From the line containing "Как передает Trend" to the line containing "This card is" in the records below, set down every line exactly as it stands, both ends included, and skip the pictures.

(Supplied data begins)

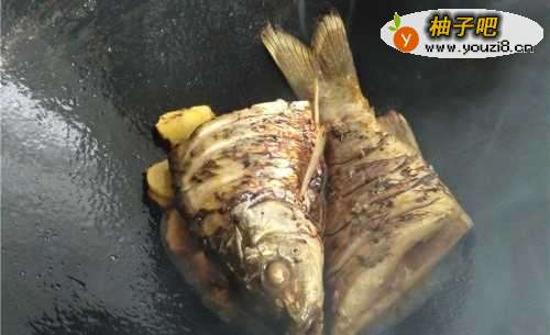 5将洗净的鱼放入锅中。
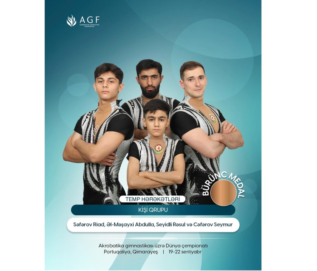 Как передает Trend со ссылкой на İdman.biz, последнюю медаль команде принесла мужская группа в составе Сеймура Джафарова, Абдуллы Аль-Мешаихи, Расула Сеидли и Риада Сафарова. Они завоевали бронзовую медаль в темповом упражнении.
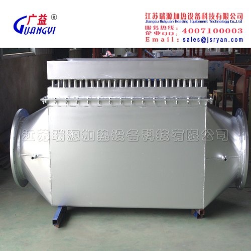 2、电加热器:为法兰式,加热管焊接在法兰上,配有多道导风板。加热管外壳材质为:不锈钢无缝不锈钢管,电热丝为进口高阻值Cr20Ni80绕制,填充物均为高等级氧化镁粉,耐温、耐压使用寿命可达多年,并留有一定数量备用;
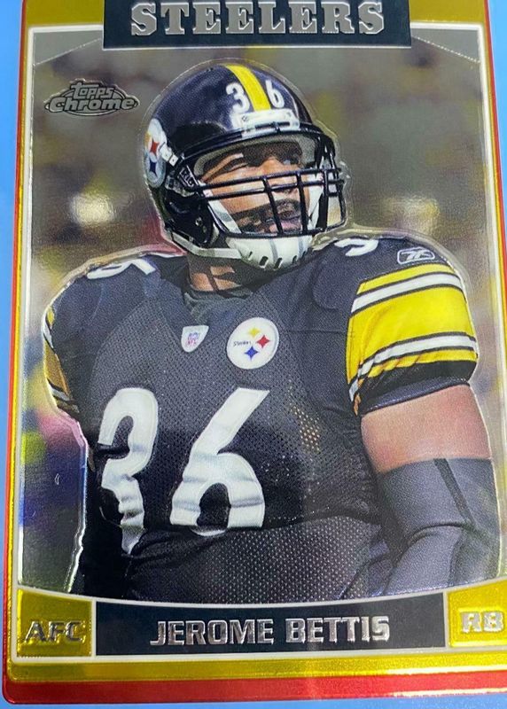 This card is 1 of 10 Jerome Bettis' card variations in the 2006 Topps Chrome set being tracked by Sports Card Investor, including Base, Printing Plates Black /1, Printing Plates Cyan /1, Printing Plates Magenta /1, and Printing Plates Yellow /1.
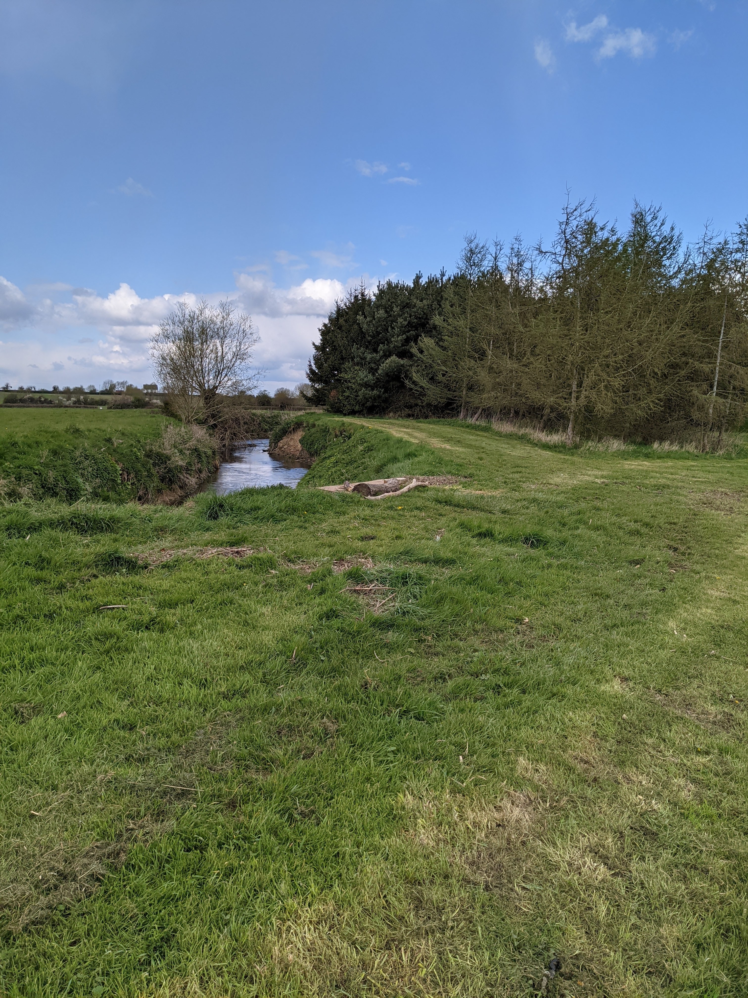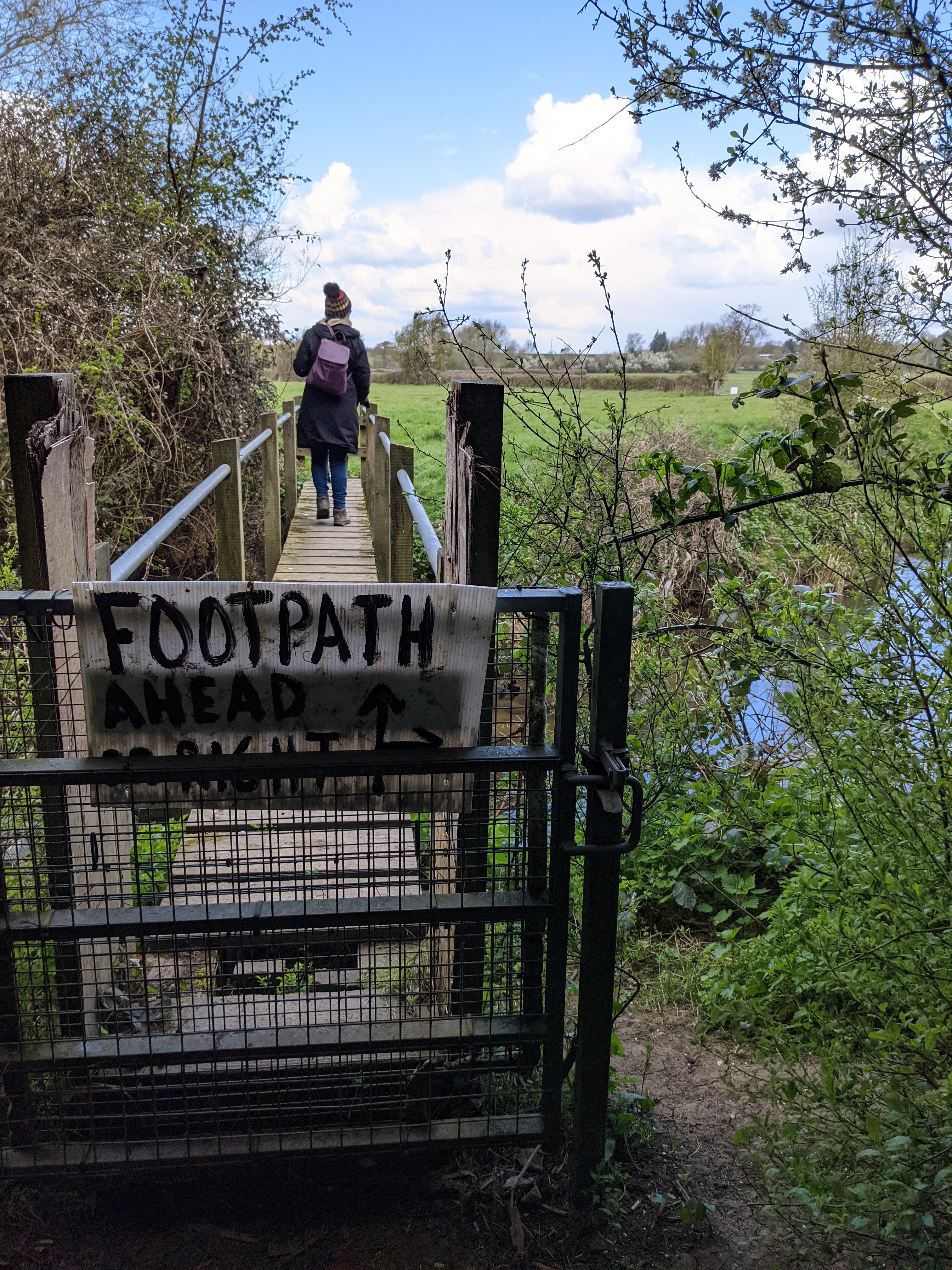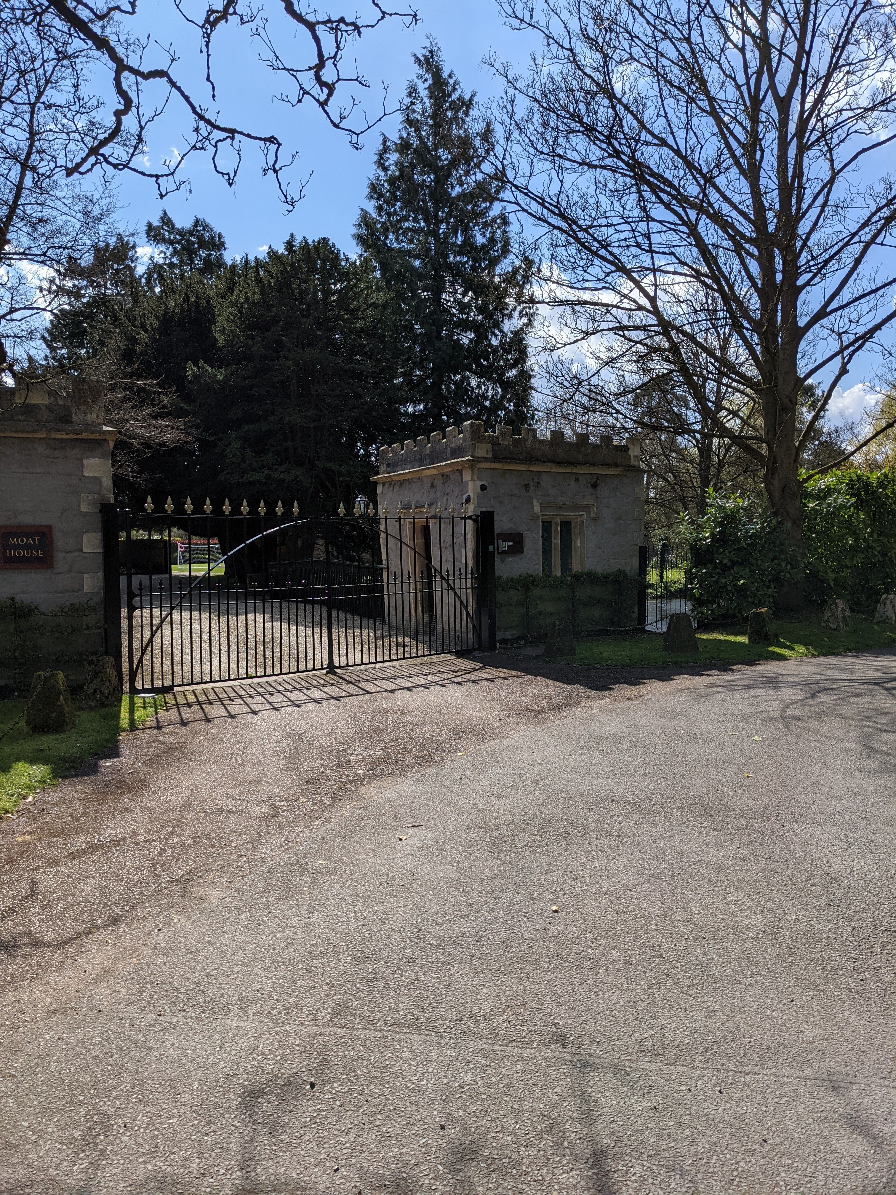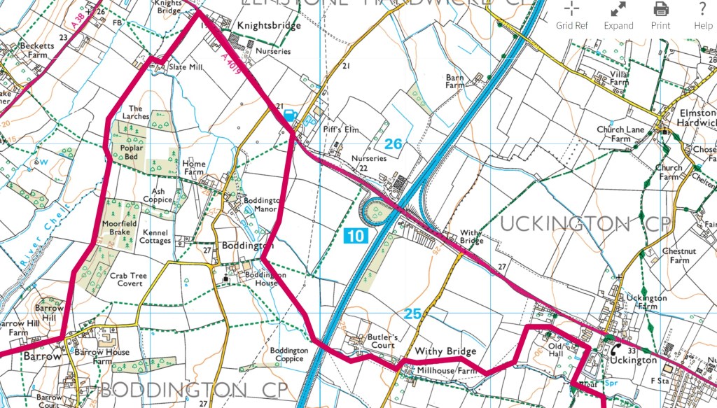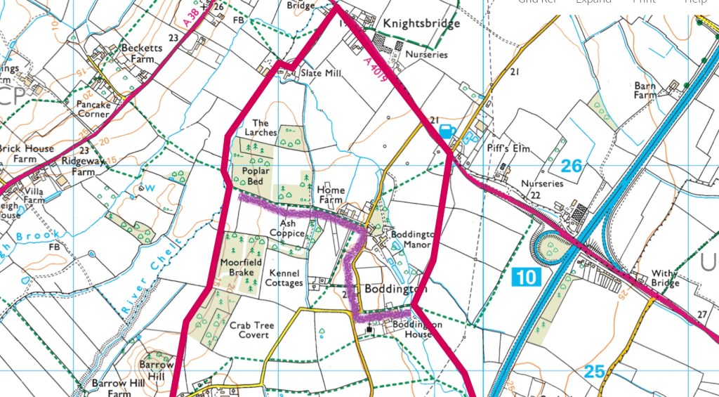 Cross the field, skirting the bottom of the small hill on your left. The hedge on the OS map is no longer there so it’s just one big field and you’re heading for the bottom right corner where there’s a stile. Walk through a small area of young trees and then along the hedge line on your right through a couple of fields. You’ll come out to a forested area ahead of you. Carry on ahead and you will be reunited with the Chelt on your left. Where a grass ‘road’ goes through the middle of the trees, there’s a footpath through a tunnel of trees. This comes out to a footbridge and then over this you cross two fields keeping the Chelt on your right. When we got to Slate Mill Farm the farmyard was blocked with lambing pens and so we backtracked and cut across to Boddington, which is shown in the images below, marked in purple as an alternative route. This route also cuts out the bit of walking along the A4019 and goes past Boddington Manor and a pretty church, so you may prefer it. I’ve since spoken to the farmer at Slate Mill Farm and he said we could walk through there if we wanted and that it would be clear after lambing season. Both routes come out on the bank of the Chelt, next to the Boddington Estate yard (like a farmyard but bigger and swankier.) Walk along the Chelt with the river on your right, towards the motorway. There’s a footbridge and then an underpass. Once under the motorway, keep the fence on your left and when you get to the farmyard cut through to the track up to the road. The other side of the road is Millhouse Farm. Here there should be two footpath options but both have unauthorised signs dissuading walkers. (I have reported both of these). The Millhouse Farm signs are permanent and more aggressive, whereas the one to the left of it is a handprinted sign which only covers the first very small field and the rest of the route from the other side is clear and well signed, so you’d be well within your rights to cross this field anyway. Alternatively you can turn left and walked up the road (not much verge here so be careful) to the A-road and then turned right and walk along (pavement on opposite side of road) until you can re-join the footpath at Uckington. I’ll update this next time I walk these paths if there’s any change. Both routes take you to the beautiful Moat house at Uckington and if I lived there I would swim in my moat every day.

(Supplied data ends)
(Supplied data begins)

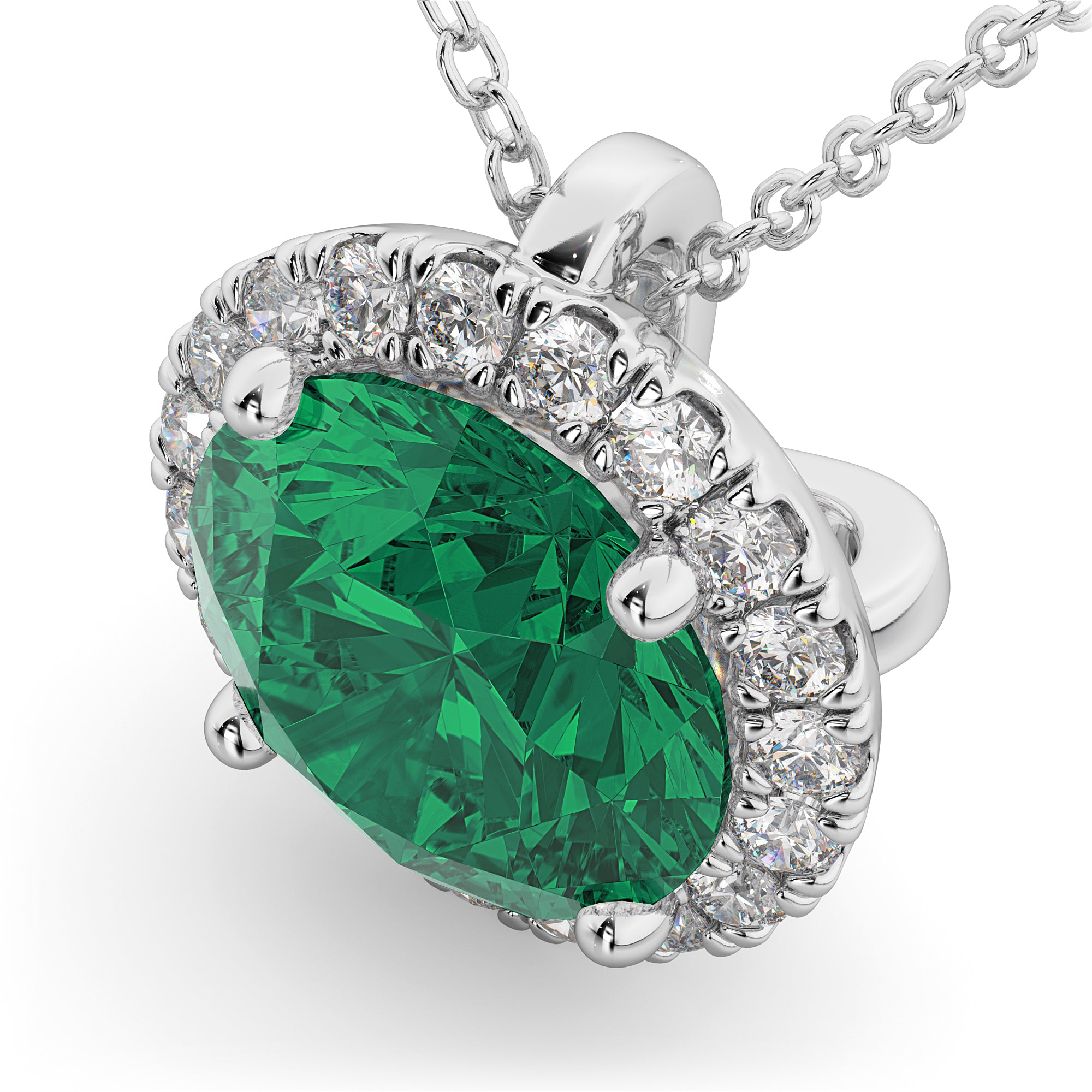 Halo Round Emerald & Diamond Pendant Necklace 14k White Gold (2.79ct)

(Supplied data ends)

§ Problem solution:
 Как передает Trend со ссылкой на İdman.biz, последнюю медаль команде принесла мужская группа в составе Сеймура Джафарова, Абдуллы Аль-Мешаихи, Расула Сеидли и Риада Сафарова. Они завоевали бронзовую медаль в темповом упражнении.
 2、电加热器:为法兰式,加热管焊接在法兰上,配有多道导风板。加热管外壳材质为:不锈钢无缝不锈钢管,电热丝为进口高阻值Cr20Ni80绕制,填充物均为高等级氧化镁粉,耐温、耐压使用寿命可达多年,并留有一定数量备用;
 This card is 1 of 10 Jerome Bettis' card variations in the 2006 Topps Chrome set being tracked by Sports Card Investor, including Base, Printing Plates Black /1, Printing Plates Cyan /1, Printing Plates Magenta /1, and Printing Plates Yellow /1.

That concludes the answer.